If you give a weirdo and edchat, he's gonna want it to be the best.
And if he wants it to be the best, he's gonna try to break some rules.
And if he tries to break some rules some will go better than others.
And if some go better than others that's going to make him want to keep pushing and challenging the friends who come to play.
And if friends come to play that'll make the edchat a lot of fun.
And if the edchat is a lot of fun it'll be the best.
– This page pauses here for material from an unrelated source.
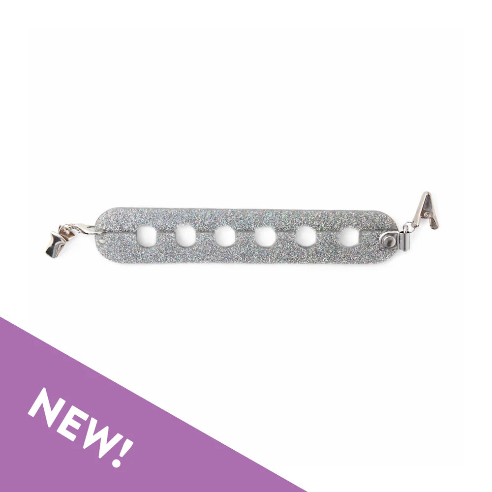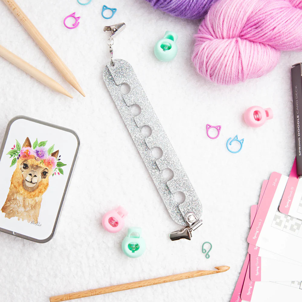 the yarn gator from twice sheared sheep is a universal yarn divider that can be clipped onto any bag, keeps your yarn separated and tangle free, and then can be easily removed without cutting your yarn! it has holes for six different colors and can be used with lace weight to super bulky yarn.

If You Give a Mouse a Cookie by Laura Numeroff and illustrated by Felicia Bond (people always forget to give love to illustrators, don't do that), is the Wife's favorite children's book. Before she became a stay-at-home mom to the Weirdlings she was a pre-k special ed teacher and she read it all the time. Now she and I trade off reading it to the Weirdlings because we love it and they love it. It's a perfect example of an incredibly simple concept taken to logical extremes. It's a book that makes authors pull their hair out because they should have though of it.
It's also a great cause and effect lesson. Like, bring it out in class to teach the concept. Why not? Have kids write other things the mouse could have done instead of what the mouse did. As long as it works within the cause ad effect rules let them run with it. See how one small change brings the whole thing to a completely different place. Go crazy.
This week I'll posit various, "If you ___ a ___ a ___..." questions and I want to see where we go. I'd link all the questions together but I think that will become too unwieldy and hurt conversation. Maybe as I'm writing the questions (blog always comes first so I know what we're talking about before I start) I'll figure out a way to domino every Q together.